The Auspicious Incident
The Auspicious Incident (or Event) (Turkish: (in Istanbul) Vaka-i Hayriye "Fortunate Event"; (in Balkans) Vaka-i Şerriyye, "Unfortunate Incident") was the forced disbandment of the centuries-old Janissary corps by Ottoman sultan Mahmud II in June 1826. The Janissaries revolted against Mahmud II, and after the rebellion was suppressed, its leaders killed, and many members exiled or imprisoned, the Janissary corps was disbanded and replaced with a more modern military force.
Since the early 17th century, the Janissary corps had ceased to function as an elite military unit. Many Janissaries were not soldiers and simply extorted money from the Turkish state and dictated its government, adding to the steady decline of the Ottoman Empire. Any sultan who attempted to modernize the Ottoman military structure and replace the Janissaries was either immediately killed or deposed.
When they noticed that the Sultan Mahmud II was forming a new army and hiring European gunners, the Janissaries mutinied as usual and fought on the streets of the Ottoman capital demanding justice, but the outnumbering Sipahis charged and forced them back into their barracks. Turkish historians claim that the counter-Janissary force was dominated by local residents who had hated the Janissaries for years and that this force was great in numbers.
Historians suggest that Mahmud II purposely incited them to revolt, describing it as the sultan's "coup against the Janissaries". The sultan informed them, through a fatwa, that he was forming a new army, the Sekban-ı Cedit, organized and trained along modern European lines (and that the new army would be Turkish-dominated). The Janissaries saw their order as crucial to the Ottoman Empire and especially to Rumelia; and had previously decided they would never allow its dissolution. Thus as predicted, they mutinied, advancing on the sultan's palace. Sultan Mahmud then brought out the sacred standard of the Prophet from inside the treasury, intending all true believers to gather beneath it and thus bolster the opposition to the Janissaries. In the ensuing fight, the Janissary barracks were set in flames by artillery fire resulting in 4,000 Janissary fatalities, more were killed in the heavy fighting on the streets of Constantinople (the capital of the Ottoman Empire, and the center of the Janissary order). The survivors either fled or were imprisoned, their possessions confiscated by the Sultan, an event sometimes called the Auspicious Incident. By the end of 1826 the captured Janissaries, constituting the remainder of the force, were put to death by decapitation in the Thessaloniki fortification that was soon called the "Blood Tower" (but which has been, since 1912, known as the White Tower). In the ensuing fight the Janissary barracks at Etmeydanı in Aksaray were set in flames by artillery fire resulting in a massive number of casualties. Roughly 100 other Janissaries fled to Cistern of Philoxenos where many drowned and no prisoners were taken.

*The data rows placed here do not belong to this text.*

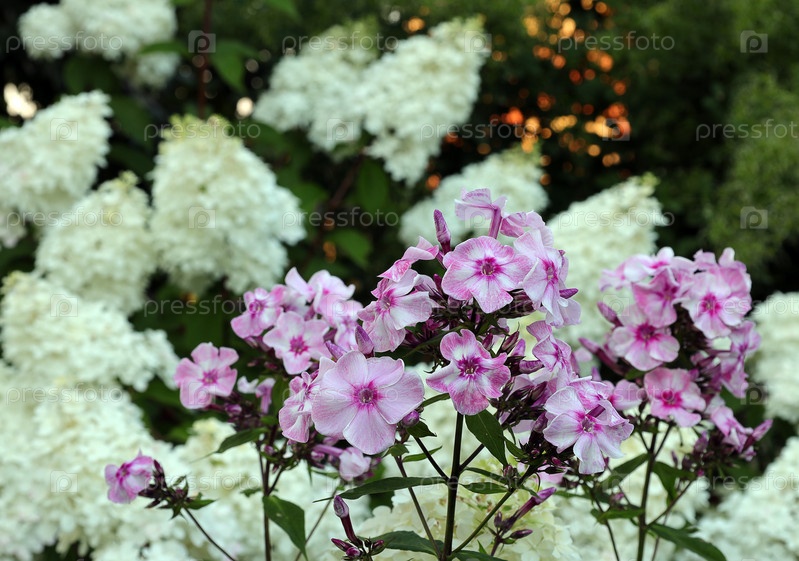 Розовый флокс на фоне белых гортензий и заходящего солнца
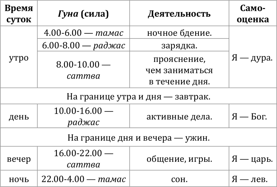 В таблице, приведённой ниже, соотнесено время суток и гуны материального мира, плюс рекомендации, что следует в эти периоды делать и какую задавать себе самооценку:
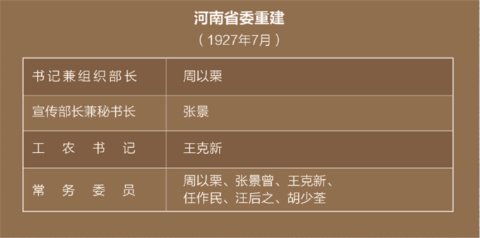 第一次国内革命战争失败后,河南的革命力量遭到了严重摧残,紧急关头,中国共产党毅然担当起领导人民继续革命的重任。1927年7月,周以栗受中央委派重新组建了中共河南省委,周以栗任书记兼组织部长。8月7日,中共中央在汉口召开紧急会议,提出了“枪杆子里面出政权”的思想。中共河南省委在“八七会议”精神的指引下,领导人们多次举行武装暴动和起义,其中确山刘店暴动和信阳四望山农民暴动影响较大。
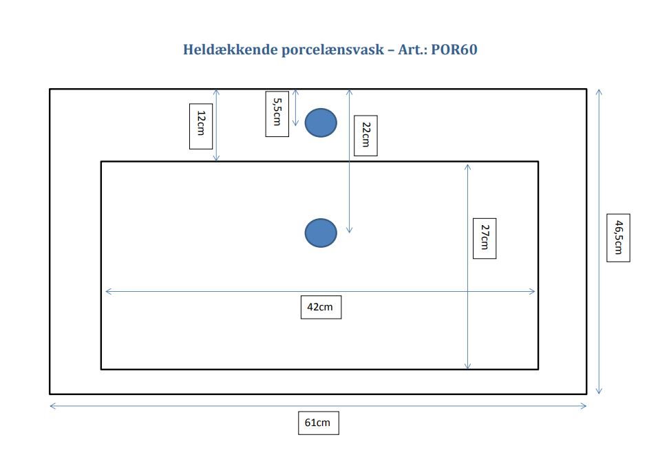 Cassøe porcelænsbordplade med integreret vask 61 x 46,5cm med overløb og hanehul
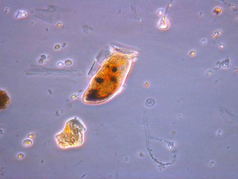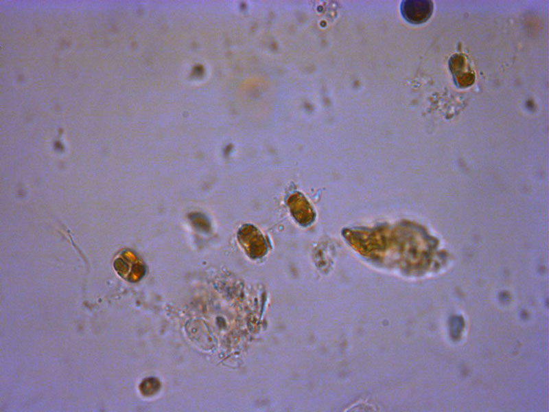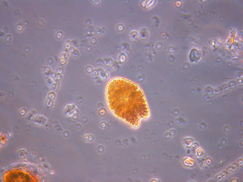 | 023 | Dinoflagellates (Dinophyta) | Akashiwo sanguinea | Click to View | has many different forms, one rounded end and one end with two lobes; 40-80 µm long; central nucleus; one transverse flagellum and one longitudinal flagellum | Indian River | Sebastian | 0 | 23 | Good | acceptable food item for clams | major bloom-former; blooms can occur any time of year, but most common in warm months; extreme bloom events can be associated with reduced oxygen levels in the water column | ||
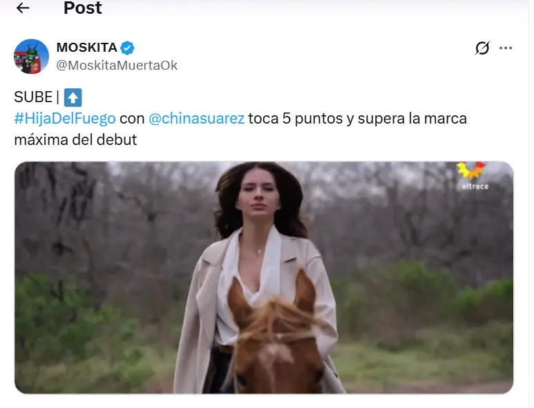 El mejor momento para la serie llegó cerca del final. A las 21:58, el ciclo de Iván de Pineda lograba 8.1 puntos, mientras que Hija del Fuego alcanzaba los 5.2 puntos de rating, su pico máximo de la noche. De esta manera, el segundo episodio superó al debut y mostró una mejora en la audiencia de El Trece.
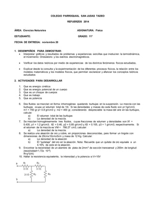 Este documento presenta 20 actividades de refuerzo en física para un estudiante de grado 11°, incluyendo problemas sobre energía cinética y potencial, choques de cuerpos, trabajo y potencia, termodinámica, ondas electromagnéticas, circuitos eléctricos y óptica. El estudiante deberá responder cada actividad de forma manuscrita y presentar el trabajo en hojas tamaño carta para su evaluación.
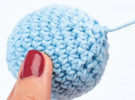 To Finish: It is easier to stuff your project just before you work the final round as the hill is quite tight by this point. When stuffed, work the last round and pull tightly to fasten off.
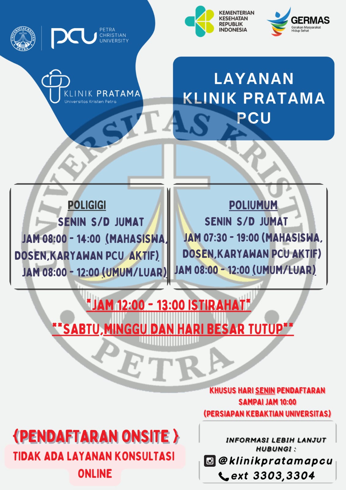 Untuk menunjang perkuliahan disaat sekarang ini, maka poliklinik yang dikelola UK Petra mengadakan jadwal layanan terbaru.
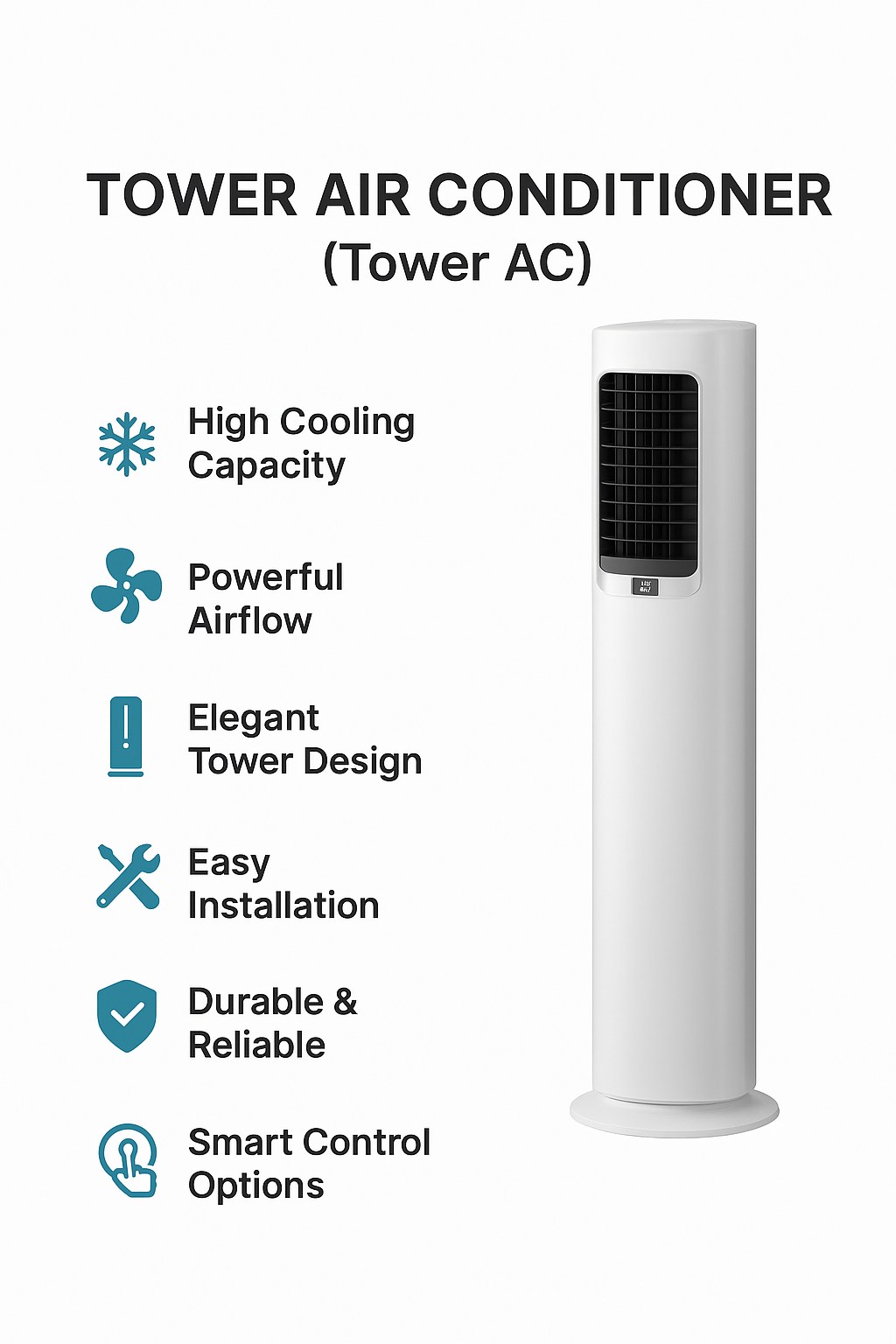 A Tower Air Conditioner (Tower AC), also known as a Floor Standing AC, is a powerful and high-capacity cooling system designed for large spaces such as offices, halls, showrooms, and commercial establishments. It features a vertical, tower-like design that delivers superior air throw and wide coverage, making it ideal for areas where wall-mounted units are impractical or insufficient.
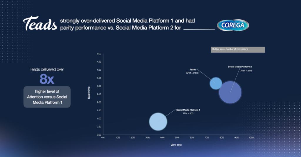- Teads delivered 8x more attention compared to the Social Media Platform 1 and parity performance vs. the Social Media Platform 2. Moreover, Teads over-performed the Platform 2 on Dwell time and generated over 2x higher view rate vs. the Platform 1.
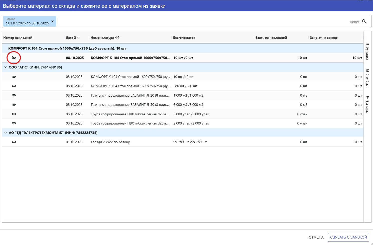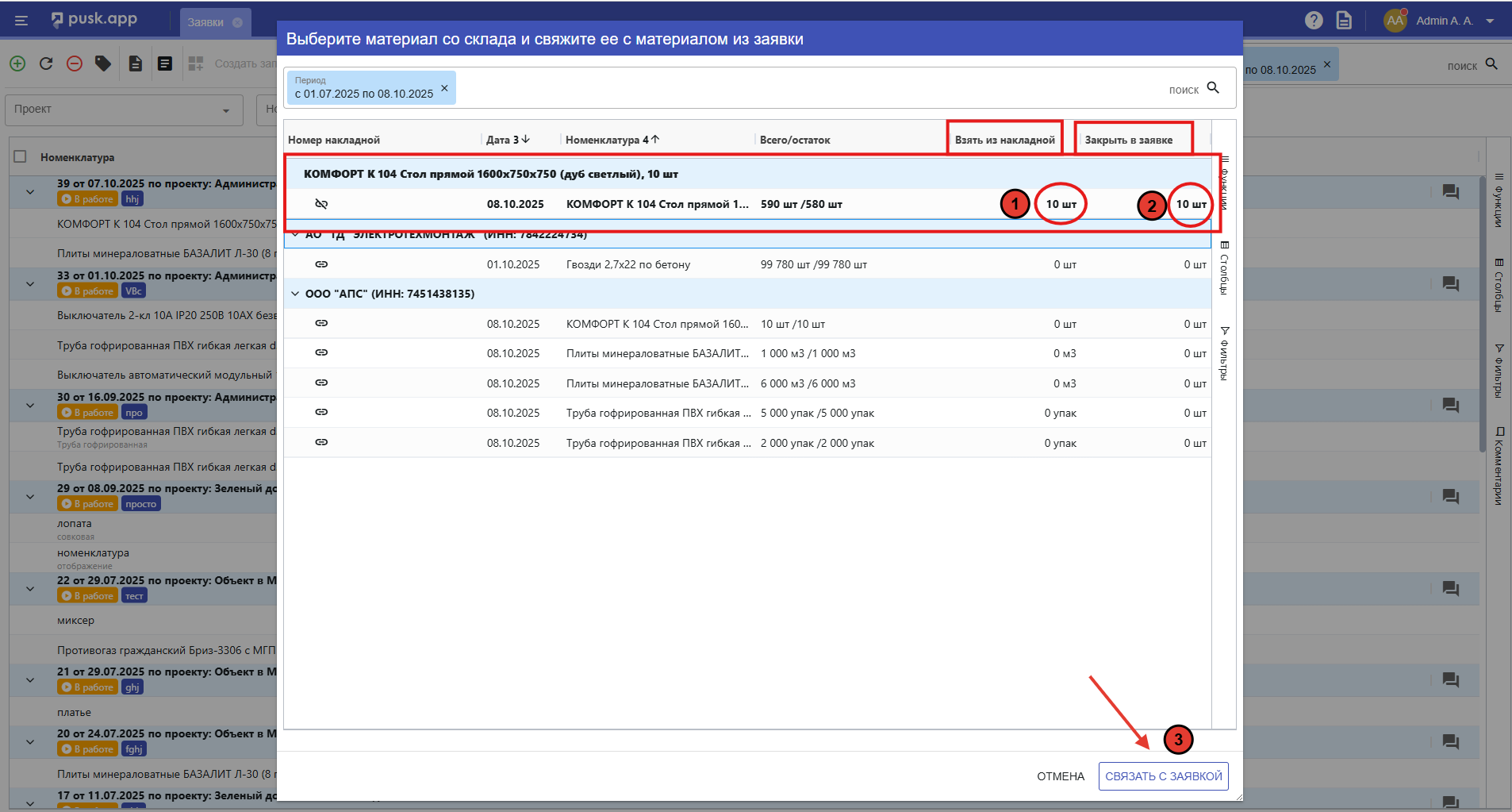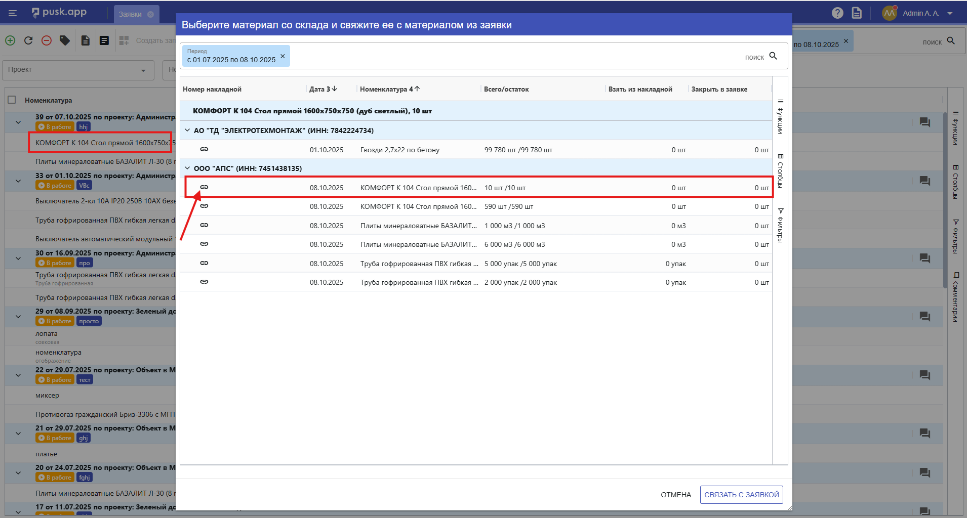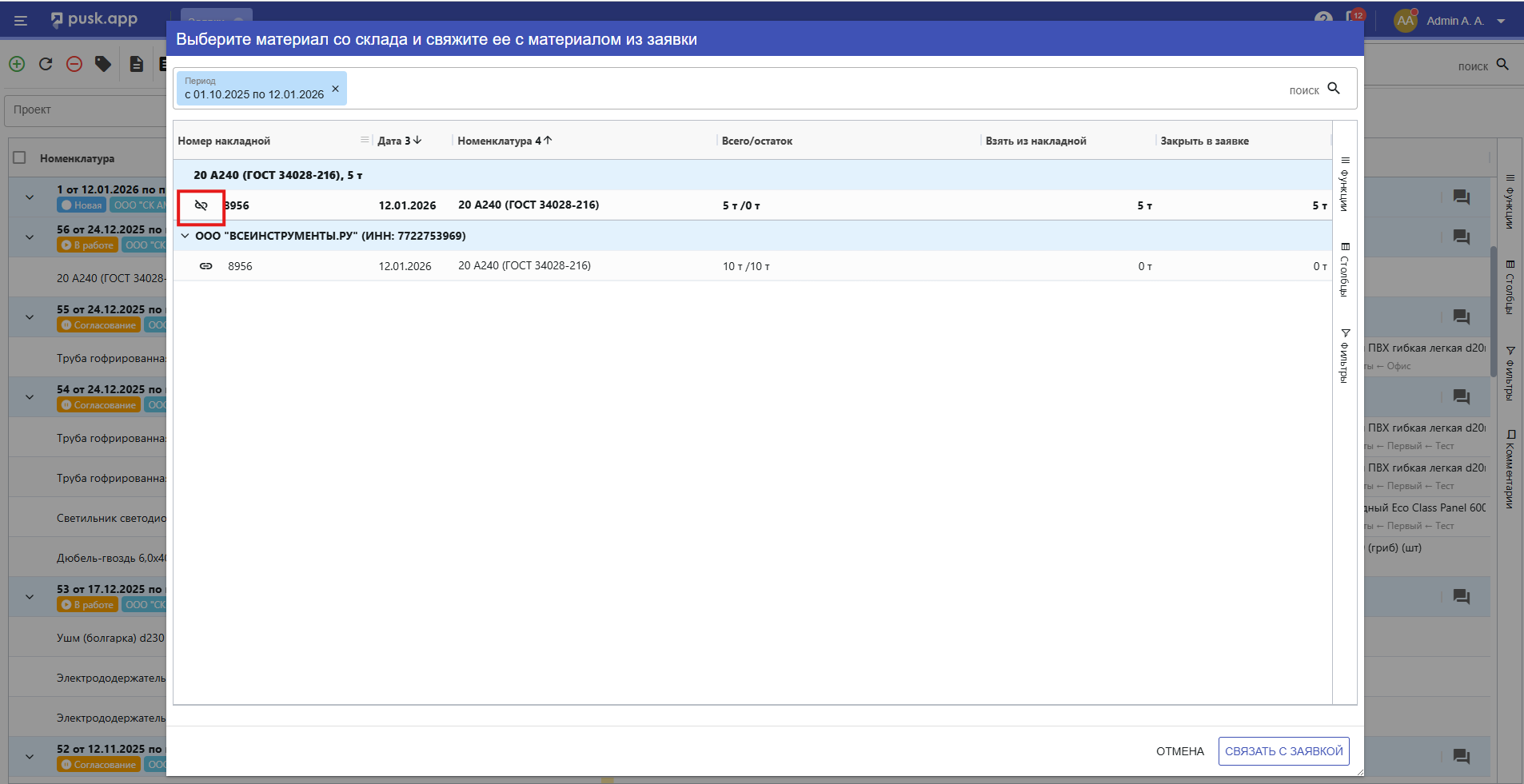 Данный функционал предназначен для упрощения процесса отгрузки материалов со склада и связывания их с заявками.
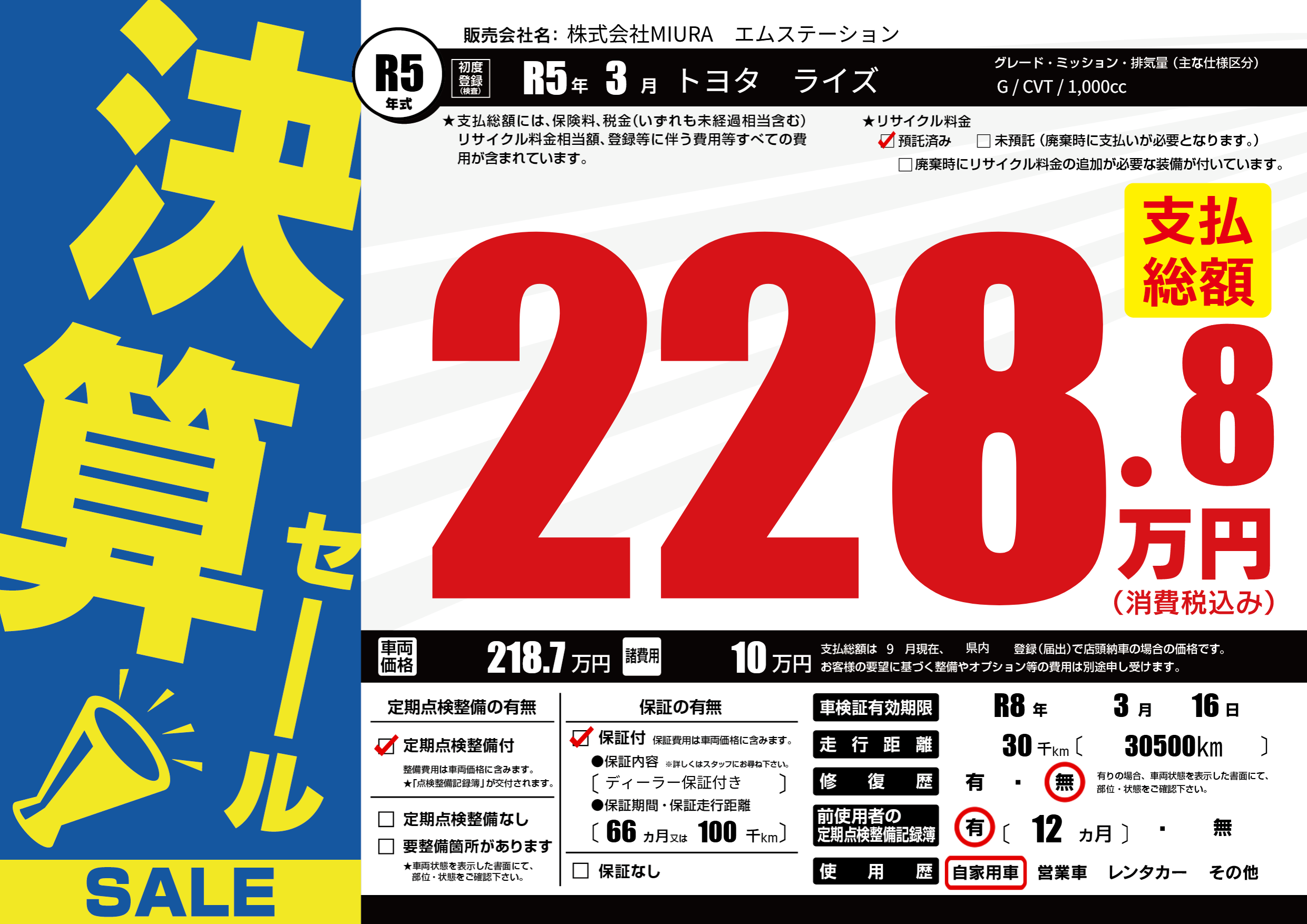 | 走行キロ | 3万km | 初年度登録 | R5年3月 |
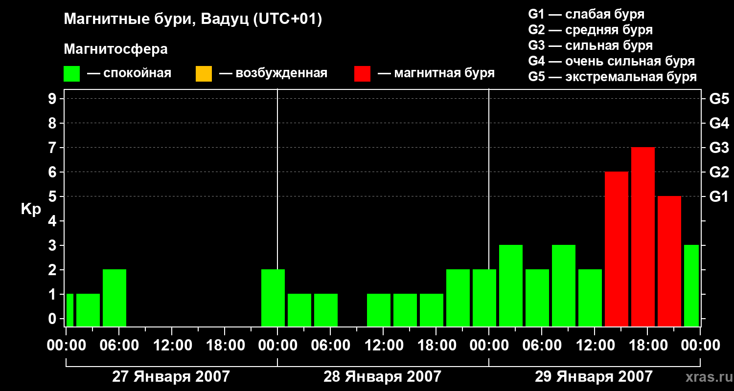 Изменения геомагнитного индекса Kp с 27 по 29 января 2007 года для средних широт
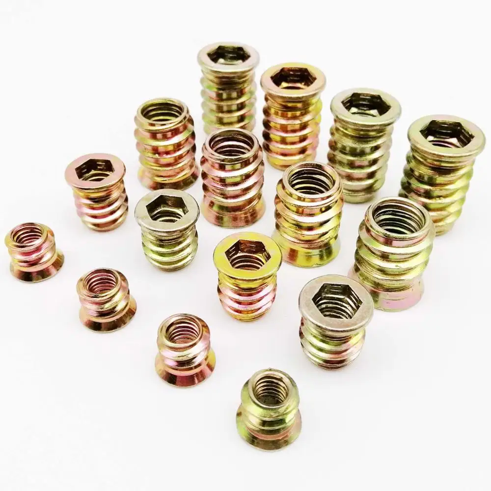 5/10/20 высокое качество M6 M8 M10 углерода Сталь шестигранные винты с шестигранной головкой привода Деревянная мебель встроенный Вставка Гайка E-гайка с метрической резьбой

The ringleaders were executed and their possessions confiscated by the Sultan. The youths[who?] were either exiled or imprisoned. Thousands of Janissaries had been killed, and thus the elite order came to its end. The Sufi order of the Bektaşi Brotherhood, a core Janissary institution, was also disbanded, and its followers executed or exiled. A new modern corps, Asakir-i Mansure-i Muhammediye (Muhammed's Victorious Army) was established by Mahmud II to guard the Sultan and replace the Janissaries. Many ordinary[clarification needed] Janissaries, especially in the provinces, began rogue revolts and demanded autonomy. Christians in the Balkans became very hostile to their Muslim convert neighbors and the Christians began to rally against the new Turkish armies coming from Constantinople. Some Janissaries survived by keeping a low profile and taking ordinary jobs. Immediately following the destruction of the elite Janissary, Mahmud II ordered the court chronicler, Mehmet Esad Efendi (circa 1789 - 1848), to record the official version of events, Üss-i Zafer (Foundation of Victory), which was printed in Constantinople in 1828 and served as the main source for every other Ottoman account of this period. The incident had a negative impact on the newly-converted Muslims[clarification needed] and their communities in the Balkans, who lost their privileges, and rebellions broke out across Rumelia, especially in Bosnia and Albania.
See also 
- Selim III
- Sanjak of Smederevo
- First Serbian Uprising
- Mustafa IV
- Halet Efendi
- Mahmud II
- Hursid Pasha
- Reşid Mehmed Pasha
- Ottoman military reform efforts
- Ali Pasha
- Mustafa Reshiti
- Husein Gradaščević
- Muhammad Ali of Egypt
- Ibrahim Pasha of Egypt
- Goodwin, pp. 296–299.
- Kinross, pp. 456–457
- Shaw, pp. 19–20
- Finkel, Caroline (2005). Osman's Dream. John Murray. p. 435. ISBN 0-465-02396-7.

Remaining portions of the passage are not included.